Là, on est assez loin du compte; seule Nadine Darmon en Arsinoé sait ce que sont des  alexandrins et les dit magnifiquement, et les deux petits marquis Acaste et Clitandre ( Julien Léonelli et Sylvain Méallet) sont eux aussi impeccables, et ils donnent un souffle de jeunesse à une mise en scène qui en a bien besoin..

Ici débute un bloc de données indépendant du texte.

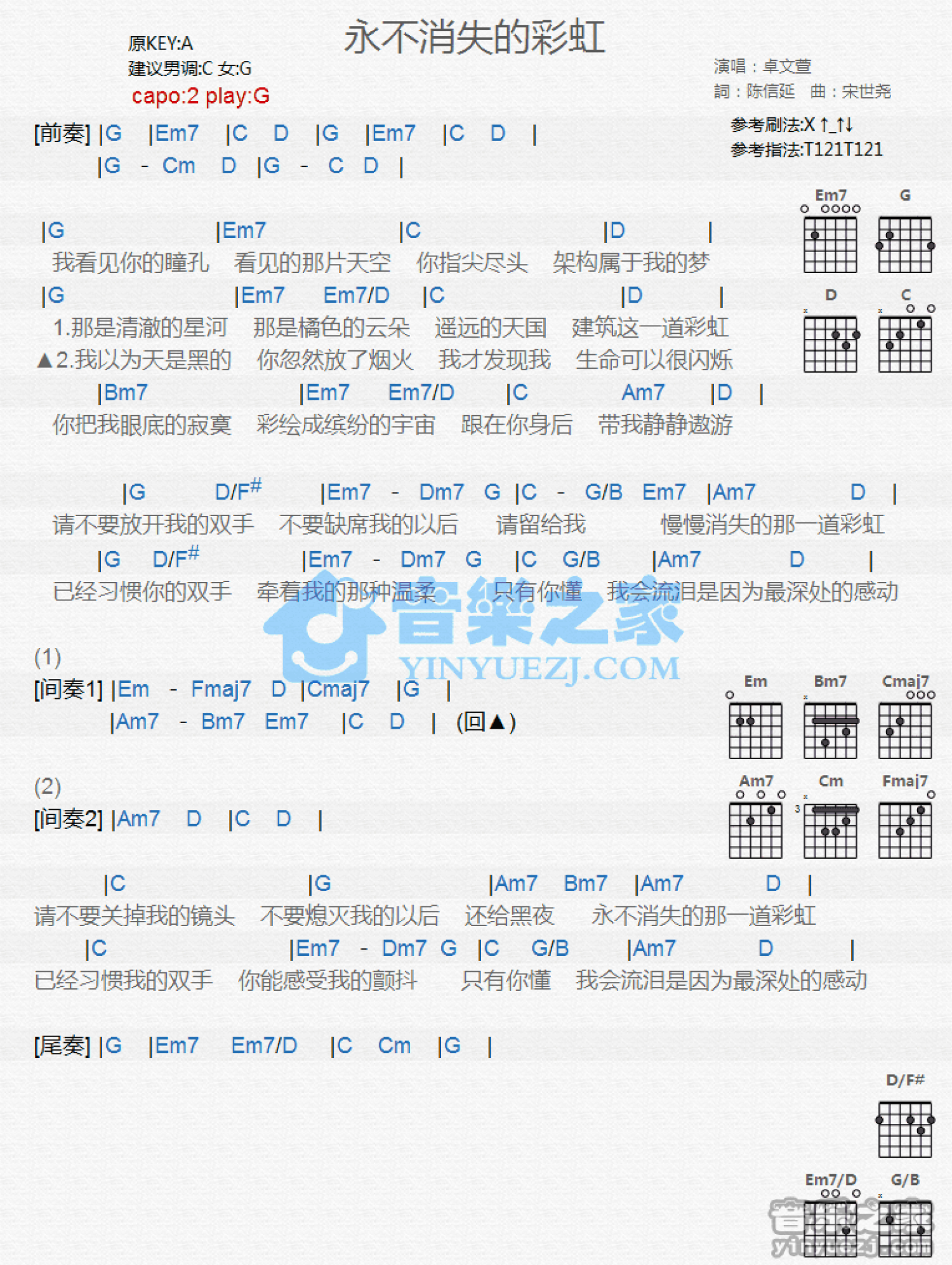 曲谱介绍: G调版卓文萱《永不消失的彩虹》吉他和弦弹唱谱
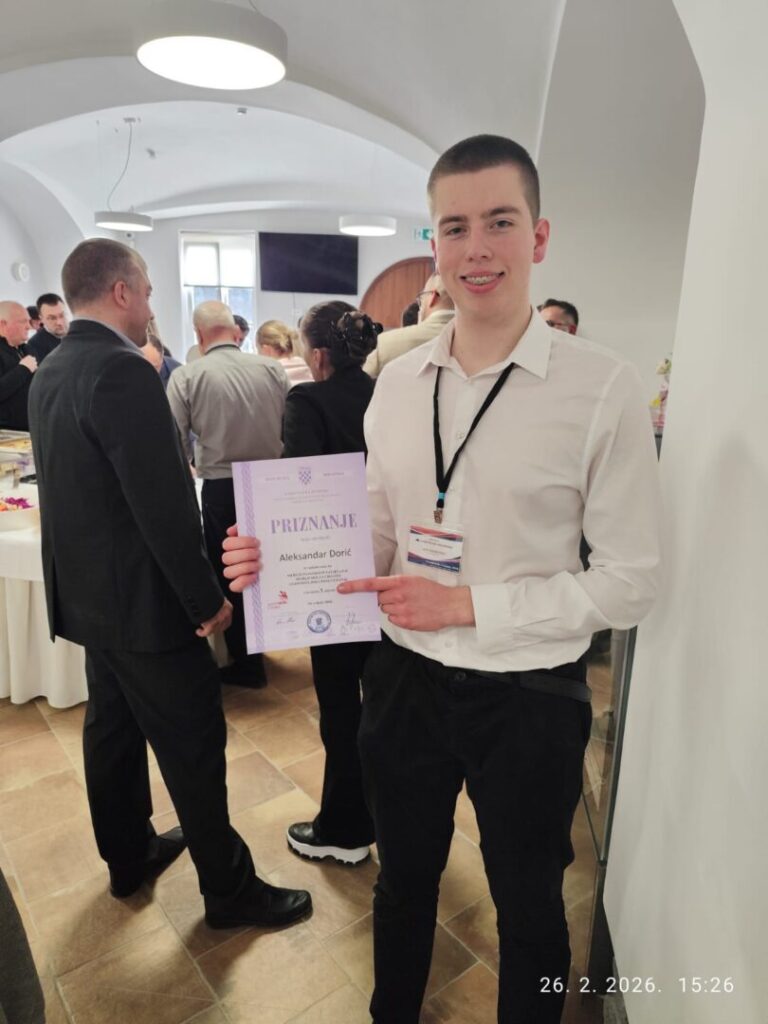 Na državno natjecanje u disciplini ugostiteljskog posluživanja idu David Kalšan iz Srednje škole Prelog koji je u Karlovcu osvojio prvo mjesto, drugoplasirani Tin Ćirković iz TUŠ-a i učenik Srednje škole Vrbovec Aleksandar Dorić koji je danas bio treći. Mentor učeniku Aleksandru Doriću je nastavnik Mladen Lusavec.

  Pour le reste de la distribution, cela dépend des moments… On veut bien admettre qu’Alceste ait quelque cinquante ans… encore que l’on comprenne mal, à cet âge-là, ses emportements et ses colères mémorables et , sauf le respect qu’on lui doit, cette Célimène, même très jolie, n’a rien d’une jeune femme d’une vingtaine d’années.Comme de plus, on fait  jouer  Valérie Durin  joue de façon assez stéréotypée, le compte n’y est pas, alors que c’est le personnage pivot de la pièce!
   Ce manque de clarté dans la diction, le côté peu crédible de  la plupart  des personnages, et un   rythme un peu poussif finissent par plomber le spectacle, et c’est vraiment dommage. pour une pièce de cette qualité!  Même la fameuse scène des portraits de la fin, où Célimène est prise au piège de  sa duplicité, est assez terne, alors que c’est le moment le plus flamboyant de la pièce. Bref, la mise en scène a quelque chose de  peu vivant et de figé. Le public plonge petit à petit dans une sorte de torpeur, et les jeunes personnes près de moi tombaient de sommeil…
   Le spectacle est-il encore susceptible d’améliorations? Visuellement non, formes et   couleurs du décor comme des costumes, et lumières  sont vraiment trop laids; sur le plan scénique, si Lypszyc voulait bien resserrer les boulons , c’est à dire faire vraiment travailler ses comédiens pour qu’ils disent enfin les vers comme ils doivent être dits, et pas dans ce médiocre à-peu-près, sa mise en scène y gagnerait déjà. Cela dit, on se demande comment il avait pu réaliser un remarquable Désiré de Sacha Guitry,  et deux ans après, nous offrir un Misanthrope aussi approximatif. 
  Alors à voir?  Très franchement, non. Et, même si le cœur vous en disait, n’y emmenez pas vos adolescents, et leurs copains, cousins, etc… ils vous ne le pardonneraient pas et risqueraient de donner raison à notre très aimé Président de la République…   Nous avons un Molière qui reste, quatre siècles après un auteur exceptionnel à la langue admirable mais le mettre en scène est un acte qui demande , et  une direction d’acteurs,  et une mise en scène d’une exigence absolue.Ce qui n’est pas le cas ici.

 

Philippe du Vignal

 

 Théâtre du Ranelagh  jusqu’au 21 mai.